Illinois Fact Sheet: What Caused the Crime Decline?

Illinois spent $1.295 billion on corrections in 2013. At the same time, crime in Illinois dropped by 57 percent from its height in 1991 to 2013.

Published: February 12, 2015
What Caused the Crime Decline? examines 14 different theories for the massive decline in crime across the country over the last two decades. It provides a rigorous empirical analysis conducted by a team of economics and criminal justice researchers on over 40 years of data, gathered from all 50 states and the 50 largest cities.
 
Over the past 40 years, states across the country have sought to fight crime by implementing policies to increase incarceration. The result: The United States is now the largest jailor in the world.
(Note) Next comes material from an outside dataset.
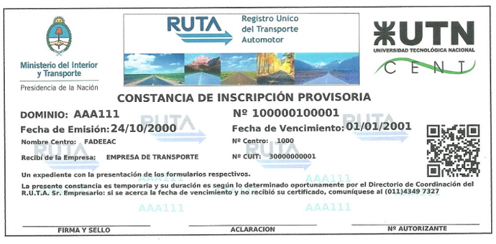Constancia de inscripción en el Registro Único Del Transporte Automotor (RUTA) en formato digital o físico

With 5 percent of the world’s population, we have 25 percent of its prisoners.
 
In Illinois, the prison population grew three-fold from 1980 to 2012. In 2013, the prison population decreased slightly by 700 prisoners, still leaving Illinois with 48,653 state prisoners. Illinois spent $1.295 billion on corrections in 2013. At the same time, crime in Illinois dropped by 57 percent from its height in 1991 to 2013. And the national crime rate was cut in half. 
 
What caused this drop? Was it the explosion in incarceration? Or was it something else?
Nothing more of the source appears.